In 2006, the University of Notre Dame gave Brubeck its Laetare Medal, awarded each year to a Roman Catholic "whose genius has ennobled the arts and sciences, illustrated the ideals of the church and enriched the heritage of humanity."
At the age of 88, in 2009, Brubeck was still touring, in spite illness that made him miss an April show at his alma mater, the University of the Pacific.
By June, though, he was playing in Chicago, where the Tribune critic wrote that "Brubeck was coaxing from the piano a high lyricism more typically encountered in the music of Chopin."

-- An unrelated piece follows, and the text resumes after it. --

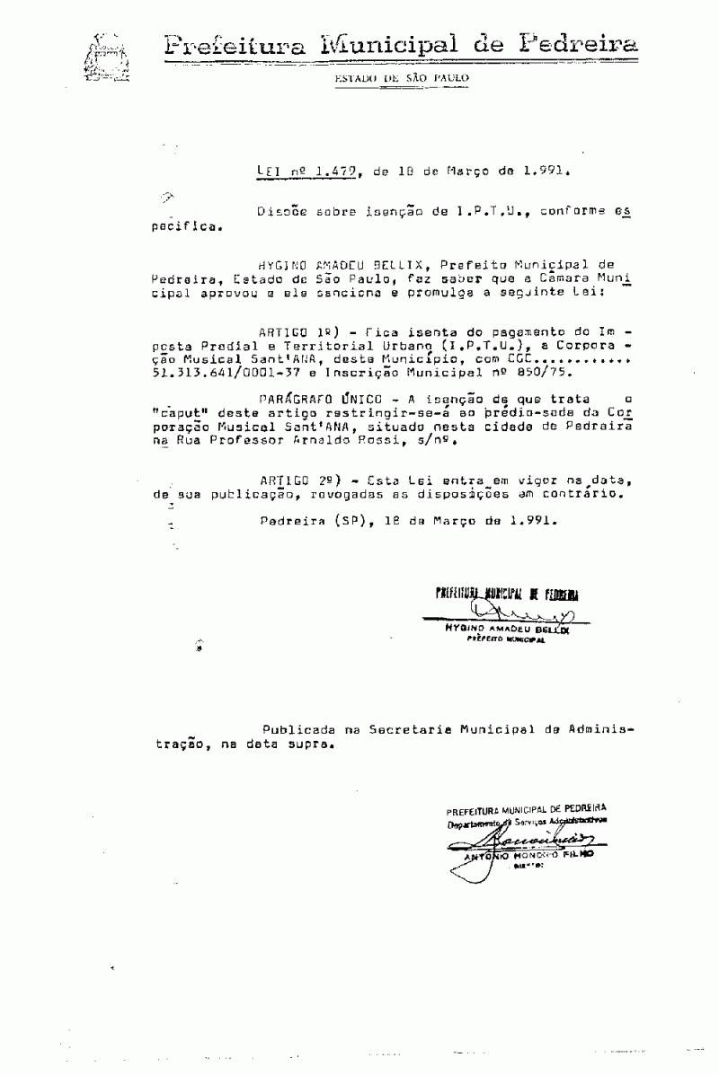 Lei Municipal - N° 1479 de 18/03/1991

More acclaim came his way when it was announced that he would be a recipient of the Kennedy Center Honors at a ceremony in late 2009.
Brubeck told the AP the announcement would have delighted his late mother, Elizabeth Ivey Brubeck, a classical pianist who was initially disappointed by her youngest son's interest in jazz. (He added that she had lived long enough to come to appreciate his music.)
Born in Concord, Calif., on Dec. 6, 1920, Brubeck actually had planned to become a rancher like his father. He attended the College of the Pacific (now the University of the Pacific) in 1938, intending to major in veterinary medicine and return to the family's 45,000-acre spread.
But within a year Brubeck was drawn to music. He graduated in 1942 and was drafted by the Army, where he served — mostly as a musician — under Gen. George S. Patton in Europe. At the time, his Wolfpack Band was the only racially integrated unit in the military.
In an interview for Ken Burns' PBS miniseries "Jazz," Brubeck talked about playing for troops with his integrated band, only to return to the U.S. to see his black bandmates refused service in a restaurant in Texas.
Brubeck and his wife, Iola, had five sons and a daughter. Four of his sons — Chris on trombone and electric bass, Dan on drums, Darius on keyboards and Matthew on cello — played with the London Symphony Orchestra in a birthday tribute to Brubeck in December 2000.
"We never had a rift," Chris Brubeck once said of living and playing with his father. "I think music has always been a good communication tool, so we didn't have a rift. We've always had music in common."